# me being nosy !!



## uniquelovdolce (Mar 10, 2010)

So ive seen all these beautiful pics and i want to know more , its the envy of not being there lol ... 

so i have a few questions ....

how did the fluffs behave ? 

did they bark their lil heads off ? 

did everyone know each others names? 

did u get to talk to everyone ? 

was everyone how u thought they were based on ur online relationship ? 

how were the margaritas ? and who had one for me ? 

tell me a funny moment ? 

:blush: just me being nosy


----------



## The A Team (Dec 1, 2005)

how did the fluffs behave ? for having 43 dogs in close proxemity, I thing they were very well behaved! One or two quick scuffs, nothing much.

did they bark their lil heads off ? nope

did everyone know each others names? it took a bit, but i think we felt like we knew each other, no one wanted to use the name badges.

did u get to talk to everyone ? I tried, I believe I did, but I kept moving all day.

was everyone how u thought they were based on ur online relationship ? 
yep

how were the margaritas ? and who had one for me ? Margaritas were pretty good, I had 1/2 of one for you....before I put it down somewhere and lost it :innocent:

tell me a funny moment ? I had a good laugh while inside the house, Diana's fiance' was coming up from the man cave, he lost his flip flop on the step....went down and put it on and came up again..and lost it again....:HistericalSmiley::HistericalSmiley: I couldn't stop laughing!!!!


----------



## uniquelovdolce (Mar 10, 2010)

oh pat thanks for having some of your margarita for me :thumbsup: great that the fluffs behaved , they all look so cute n well behaved in the pics , and everyone looked so at ease . too funny about diane's hubby loosing his flip flop .lol


The A Team said:


> how did the fluffs behave ? for having 43 dogs in close proxemity, I thing they were very well behaved! One or two quick scuffs, nothing much.
> 
> did they bark their lil heads off ? nope
> 
> ...


----------



## Bonnie's Mommie (Mar 2, 2006)

The A Team said:


> how did the fluffs behave ? for having 43 dogs in close proxemity, I thing they were very well behaved! One or two quick scuffs, nothing much. Bonnie's not talking...:innocent: Then again, I was told it wasn't her fault, lol!
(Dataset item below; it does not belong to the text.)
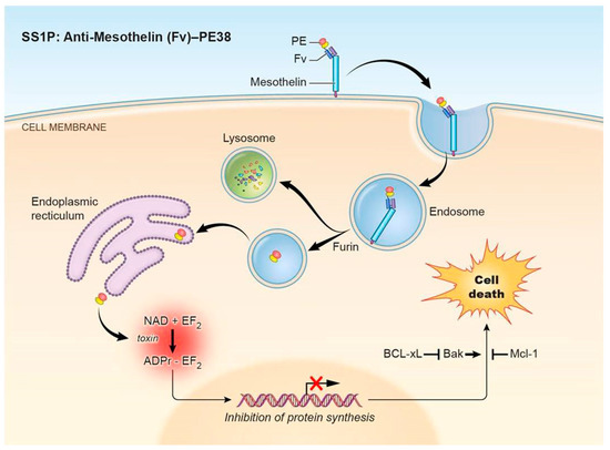 Pseudomonas exotoxin A (PE)-immunotoxin pathway. PE-based immunotoxins such as the mesothelin-targeting immunotoxin SS1P or LMB-100 act through a pathway involving (1) binding to the target antigen and internalization, (2) processing and trafficking, (3) inhibition of protein synthesis, and (4) induction of apoptosis. Abbreviations: PE: Pseudomonas exotoxin A; Fv: fragment variable; PE38: truncated PE fragment; EF2: elongation factor 2.

That's my story and I'm stickin' to it.
> 
> did they bark their lil heads off ? nope Except for ONE dog who didn't want to leave the food table...again, Bonnie's not talking.
> 
> ...


Hope you get more answers - I'd love to hear what others have to say!


----------



## uniquelovdolce (Mar 10, 2010)

lol linda !


----------



## Matilda's mommy (Jun 1, 2005)

can't wait to hear more


----------



## Snowbody (Jan 3, 2009)

how did the fluffs behave ? I cannot believe how well behaved all the fluffs were. There would be a little chorus if someone new was coming to the door, and a couple of really minor flare ups, but other than that, more dogs than you could ever imagine in one place and all well behaved. How'd everyone do that?:chili:

did they bark their lil heads off ? answered above

did everyone know each others names? I think we were all pretty good with the names. I was much better than last year. I think first year at Pat's is kind of like being in shock. :blink::HistericalSmiley: But by now I really know and have seen some SM members a few times so that makes it easier. I was looking for the name tags though in the beginning. :blush:

did u get to talk to everyone ? I think I got to talk to just about everyone but not long enough. The time flew by. 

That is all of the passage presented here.